__Your instructions__
Every line below from the one with "Если вы планируете" through the one with "chrome towel radiator." should be retyped exactly, both ends included; no other lines and no pictures.

__Working data__

+--

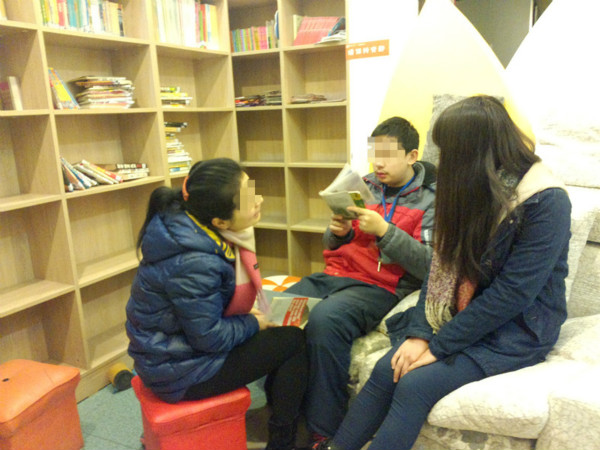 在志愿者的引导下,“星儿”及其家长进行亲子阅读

+--

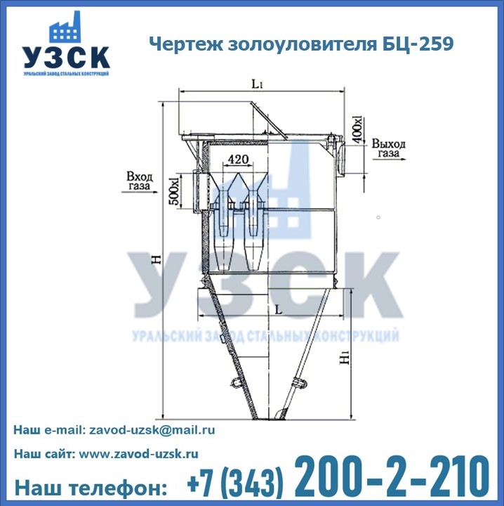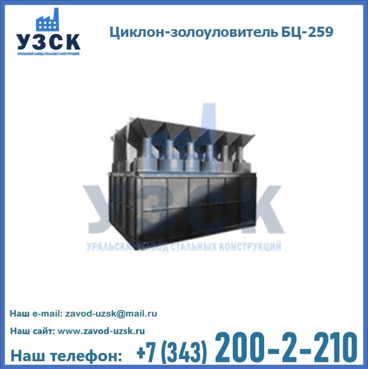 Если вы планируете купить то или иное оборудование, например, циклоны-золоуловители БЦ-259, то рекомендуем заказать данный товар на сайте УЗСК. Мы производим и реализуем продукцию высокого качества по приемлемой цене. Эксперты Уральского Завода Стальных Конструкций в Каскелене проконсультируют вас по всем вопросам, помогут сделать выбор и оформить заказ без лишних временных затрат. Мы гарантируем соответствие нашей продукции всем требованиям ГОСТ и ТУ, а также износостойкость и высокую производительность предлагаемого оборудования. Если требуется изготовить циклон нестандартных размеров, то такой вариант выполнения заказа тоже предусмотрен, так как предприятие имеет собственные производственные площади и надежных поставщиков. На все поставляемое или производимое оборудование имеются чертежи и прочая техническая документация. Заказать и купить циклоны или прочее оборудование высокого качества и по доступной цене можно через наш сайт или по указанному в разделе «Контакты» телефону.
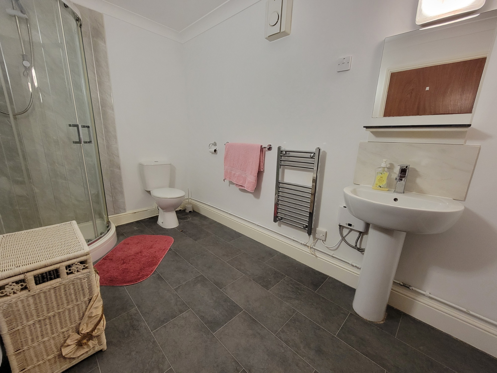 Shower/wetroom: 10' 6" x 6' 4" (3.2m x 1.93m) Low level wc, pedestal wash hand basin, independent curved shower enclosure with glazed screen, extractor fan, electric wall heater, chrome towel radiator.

+--

__Reply__
 Если вы планируете купить то или иное оборудование, например, циклоны-золоуловители БЦ-259, то рекомендуем заказать данный товар на сайте УЗСК. Мы производим и реализуем продукцию высокого качества по приемлемой цене. Эксперты Уральского Завода Стальных Конструкций в Каскелене проконсультируют вас по всем вопросам, помогут сделать выбор и оформить заказ без лишних временных затрат. Мы гарантируем соответствие нашей продукции всем требованиям ГОСТ и ТУ, а также износостойкость и высокую производительность предлагаемого оборудования. Если требуется изготовить циклон нестандартных размеров, то такой вариант выполнения заказа тоже предусмотрен, так как предприятие имеет собственные производственные площади и надежных поставщиков. На все поставляемое или производимое оборудование имеются чертежи и прочая техническая документация. Заказать и купить циклоны или прочее оборудование высокого качества и по доступной цене можно через наш сайт или по указанному в разделе «Контакты» телефону.
 Shower/wetroom: 10' 6" x 6' 4" (3.2m x 1.93m) Low level wc, pedestal wash hand basin, independent curved shower enclosure with glazed screen, extractor fan, electric wall heater, chrome towel radiator.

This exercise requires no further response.